I have to repair the cork backing of some built-in books shelves.
It has 2 layers each about a half-inch thick or more.
How do I cut the cork?
I'm figuring the new cork pieces can be cut with a band saw?
But what about the cork that is still glued to the wall, but is
raggedy. Does anyone know a good way to cut it in place, so I can
install patches? I don't think it will cut with most sharp knives,
from prior efforts to cut cork. (Mice tore off about 3 inches by 10
inches, and shredded what they tore off, until they lost interest.)
Probably not. Why would you even try? Use a sharp knife and a
straightedge. Lay the cork down on a board or scrap of plywood
(something wooden that you don't care about), lay the straightedge on
top of the cork at the cut line, and slice through it.

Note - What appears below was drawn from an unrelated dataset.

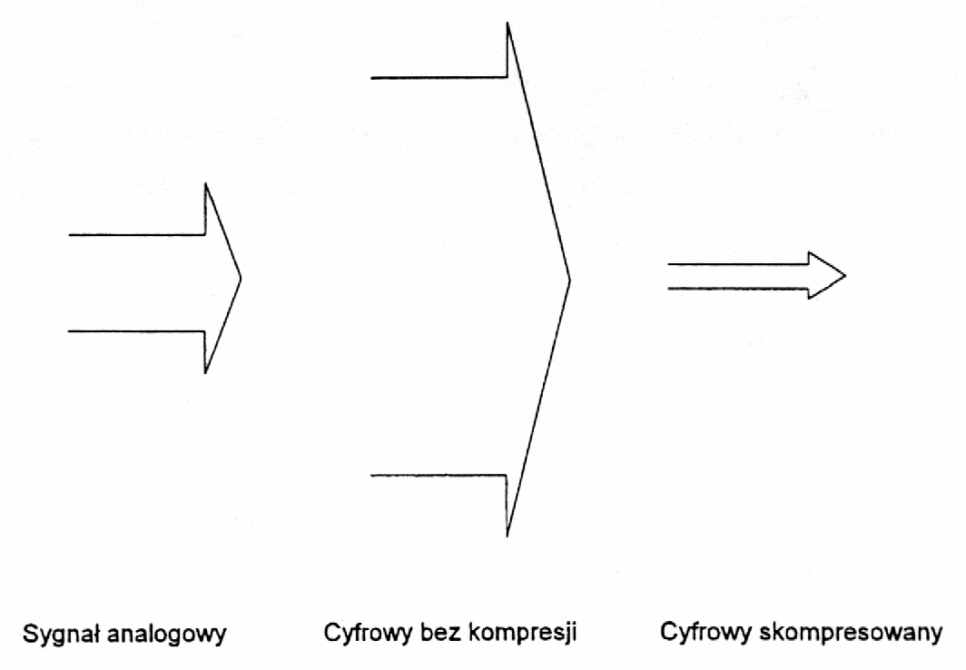 hnik cyfrowych pociąga za sobą coraz szersze wykorzystywanie cyfrowych sygnałów wizyjnych i fonicznych. Cyfryzacja sygnałów pozwala na uzyskiwanie szeregu zalet, zarówno jakościowych jak i operacyjnych, wiąże się jednak ze wzrostem szerokości pasma sygnałów, gdyż sygnał cyfrowy zajmuje znacznie większą szerokość pasma niż sygnał analogowy reprezentujący ten sam obraz. Stąd od chwili powstania koncepcji cyfryzacji sygnałów wizyjnych rozpoczęto prace nad kompresją tych sygnałów. Kompresja cyfrowych sygnałów wizyjnych jest możliwa i może być bardzo skuteczna, a sygnał cyfrowy skomprymowany może zajmować węższe pasmo niż sygnał analogowy co obrazuje poniższy rysunek. Dopuszczalny stopień' kompresji zależy od wymagań' co do jakości sygnału i od skuteczności zastosowanej metody kompresji.

Cork cuts just fine with sharp knives -- if you've had trouble with that
in the past, then your knife wasn't anywhere nearly as sharp as you
thought it was. "Sharp" in this context means razor-sharp: if you can't
shave hairs off the back of your hand with it, the knife is *not* sharp
Let me reinforce what Doug wrote, from personal experience. I had to
cut some cork acoustic tiles, and saws are messy and tear at the cork
no matter how fine the teeth of the blade. I haven't tried a rotary
tool, but I imagine it would be the same thing. Remember, cork is soft
organic, so it's going to shred easily.
But I used a fresh Xacto blade (and a friend used a fresh single-edge
razor blade) and it sliced the cork beautifully.
I'll buy that. OK, I"ll make sure I'm using a new razor blade. I have
noticed that the ones that use single edged razors seem sharper than
the Wiz knives and similar ones with the thick trapesoidal blade. But
I guess it didn't sink in yet.
They used to sell on late-night tv tools that used actual double edged
blades meant for shaving faces. I figure they were too good to be
true, and that all the demonstrations in the ads were done with balsa
wood. Has anyone ever used on of these?
Thanks and thanks to all who replied.
Yes, that's because the single-edge razors are honed specifically to make them
sharp enough to shave, i.e. razor sharp. Utility knife blades (the "thick
trapezoidal" ones) don't come that sharp from the factory, but they can be
made that sharp pretty easily: Google the phrase "scary sharp" for more info.